What the task asks: Retype nothing except the lines below from the one with "En combinación con" through the one with "152cm wide, finely", exactly, with images left out.

*** Material for the task Section Begins ***

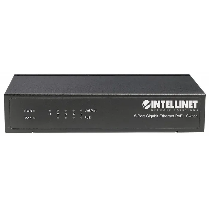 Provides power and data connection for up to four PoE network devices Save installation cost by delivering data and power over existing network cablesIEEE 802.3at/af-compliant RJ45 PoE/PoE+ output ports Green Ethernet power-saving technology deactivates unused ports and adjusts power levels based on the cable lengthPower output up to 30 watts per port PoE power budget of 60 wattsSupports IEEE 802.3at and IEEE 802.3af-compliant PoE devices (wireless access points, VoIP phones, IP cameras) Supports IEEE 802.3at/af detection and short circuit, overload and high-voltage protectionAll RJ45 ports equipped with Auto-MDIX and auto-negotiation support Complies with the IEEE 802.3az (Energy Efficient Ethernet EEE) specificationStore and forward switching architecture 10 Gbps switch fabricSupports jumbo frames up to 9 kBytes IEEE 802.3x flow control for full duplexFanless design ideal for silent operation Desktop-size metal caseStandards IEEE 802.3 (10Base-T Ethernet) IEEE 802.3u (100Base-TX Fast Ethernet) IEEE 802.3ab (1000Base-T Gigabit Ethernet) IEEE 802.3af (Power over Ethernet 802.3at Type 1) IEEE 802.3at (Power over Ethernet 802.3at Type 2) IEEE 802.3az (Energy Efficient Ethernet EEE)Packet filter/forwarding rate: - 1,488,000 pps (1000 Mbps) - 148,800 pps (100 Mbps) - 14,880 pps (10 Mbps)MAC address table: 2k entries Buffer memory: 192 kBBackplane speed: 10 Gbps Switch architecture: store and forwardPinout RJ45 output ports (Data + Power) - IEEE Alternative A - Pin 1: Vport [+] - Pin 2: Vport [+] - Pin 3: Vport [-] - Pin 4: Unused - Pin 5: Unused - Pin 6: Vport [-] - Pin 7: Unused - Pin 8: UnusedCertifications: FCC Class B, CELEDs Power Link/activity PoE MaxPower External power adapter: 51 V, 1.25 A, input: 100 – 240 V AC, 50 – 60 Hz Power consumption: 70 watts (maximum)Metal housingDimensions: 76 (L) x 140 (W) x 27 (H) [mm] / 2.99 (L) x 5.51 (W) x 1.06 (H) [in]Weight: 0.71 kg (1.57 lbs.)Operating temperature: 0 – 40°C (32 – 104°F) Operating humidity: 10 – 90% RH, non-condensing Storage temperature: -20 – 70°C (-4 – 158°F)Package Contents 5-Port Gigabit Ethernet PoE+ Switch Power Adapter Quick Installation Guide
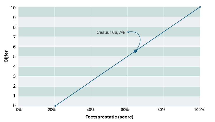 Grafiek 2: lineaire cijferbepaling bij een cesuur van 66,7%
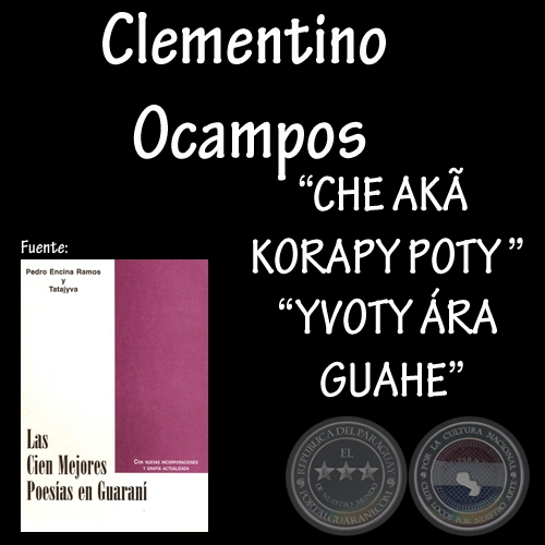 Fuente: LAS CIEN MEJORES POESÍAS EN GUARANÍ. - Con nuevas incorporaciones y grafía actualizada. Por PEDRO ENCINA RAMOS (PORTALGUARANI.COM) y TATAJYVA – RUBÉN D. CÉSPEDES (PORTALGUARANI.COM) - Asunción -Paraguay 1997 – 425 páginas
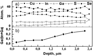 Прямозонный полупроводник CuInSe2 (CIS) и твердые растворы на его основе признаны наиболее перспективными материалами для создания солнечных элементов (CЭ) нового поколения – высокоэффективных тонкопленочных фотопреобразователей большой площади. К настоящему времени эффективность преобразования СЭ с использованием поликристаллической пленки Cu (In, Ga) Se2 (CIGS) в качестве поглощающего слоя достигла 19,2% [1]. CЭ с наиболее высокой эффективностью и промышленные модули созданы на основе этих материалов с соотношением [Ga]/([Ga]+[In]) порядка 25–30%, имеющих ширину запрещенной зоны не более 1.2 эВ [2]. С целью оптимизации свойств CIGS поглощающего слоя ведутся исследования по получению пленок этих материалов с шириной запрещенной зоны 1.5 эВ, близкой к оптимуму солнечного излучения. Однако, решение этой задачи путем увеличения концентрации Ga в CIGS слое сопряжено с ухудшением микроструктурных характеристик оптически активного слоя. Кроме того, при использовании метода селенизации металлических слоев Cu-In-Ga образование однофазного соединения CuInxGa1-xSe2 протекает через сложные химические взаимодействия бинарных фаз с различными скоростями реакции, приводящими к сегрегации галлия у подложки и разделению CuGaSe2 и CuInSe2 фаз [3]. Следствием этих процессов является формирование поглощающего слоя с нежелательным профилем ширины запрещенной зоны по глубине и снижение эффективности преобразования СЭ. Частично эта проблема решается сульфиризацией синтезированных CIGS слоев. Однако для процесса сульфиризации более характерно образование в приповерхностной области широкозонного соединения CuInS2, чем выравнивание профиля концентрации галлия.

*** Material for the task Section Ends ***
*** Material for the task Section Begins ***

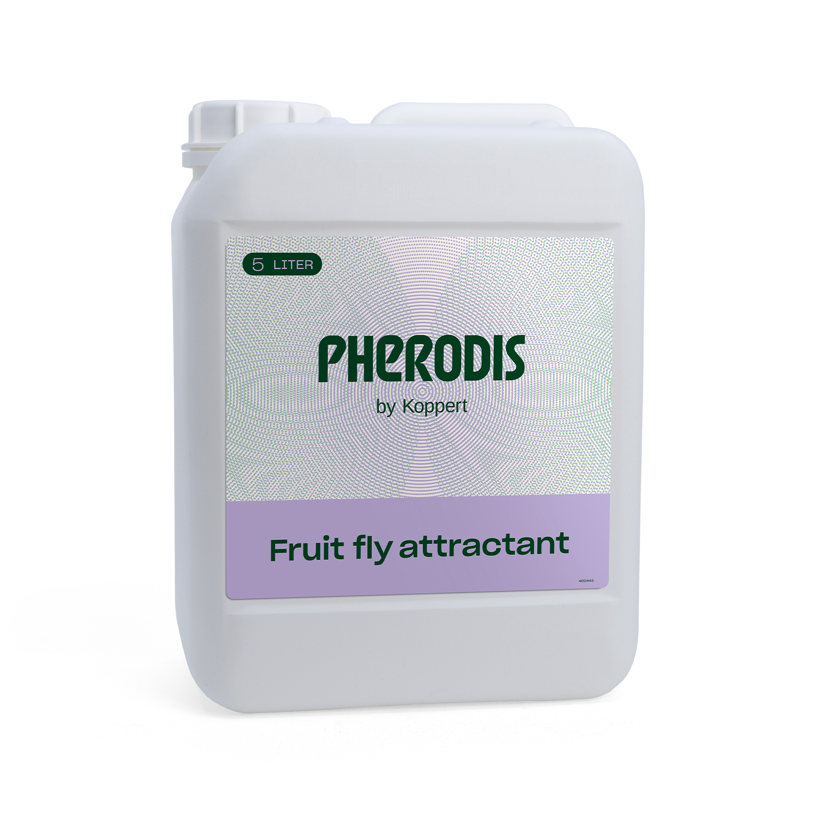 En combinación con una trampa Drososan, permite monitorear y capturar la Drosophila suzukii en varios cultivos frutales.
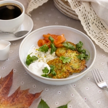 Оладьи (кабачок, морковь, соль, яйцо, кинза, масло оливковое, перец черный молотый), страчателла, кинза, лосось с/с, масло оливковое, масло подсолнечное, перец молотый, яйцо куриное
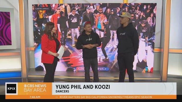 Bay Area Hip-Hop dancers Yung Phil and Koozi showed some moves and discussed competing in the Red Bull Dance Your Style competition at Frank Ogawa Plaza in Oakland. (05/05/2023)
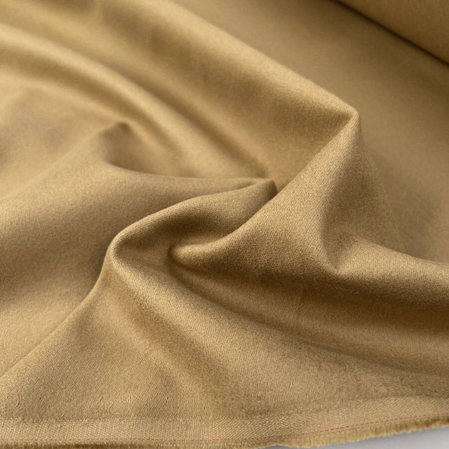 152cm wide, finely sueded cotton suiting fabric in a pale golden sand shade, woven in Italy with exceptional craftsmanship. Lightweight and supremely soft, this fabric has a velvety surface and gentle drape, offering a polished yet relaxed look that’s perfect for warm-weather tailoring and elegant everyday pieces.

*** Material for the task Section Ends ***

Written answer:
 En combinación con una trampa Drososan, permite monitorear y capturar la Drosophila suzukii en varios cultivos frutales.
 Оладьи (кабачок, морковь, соль, яйцо, кинза, масло оливковое, перец черный молотый), страчателла, кинза, лосось с/с, масло оливковое, масло подсолнечное, перец молотый, яйцо куриное
 Bay Area Hip-Hop dancers Yung Phil and Koozi showed some moves and discussed competing in the Red Bull Dance Your Style competition at Frank Ogawa Plaza in Oakland. (05/05/2023)
 152cm wide, finely sueded cotton suiting fabric in a pale golden sand shade, woven in Italy with exceptional craftsmanship. Lightweight and supremely soft, this fabric has a velvety surface and gentle drape, offering a polished yet relaxed look that’s perfect for warm-weather tailoring and elegant everyday pieces.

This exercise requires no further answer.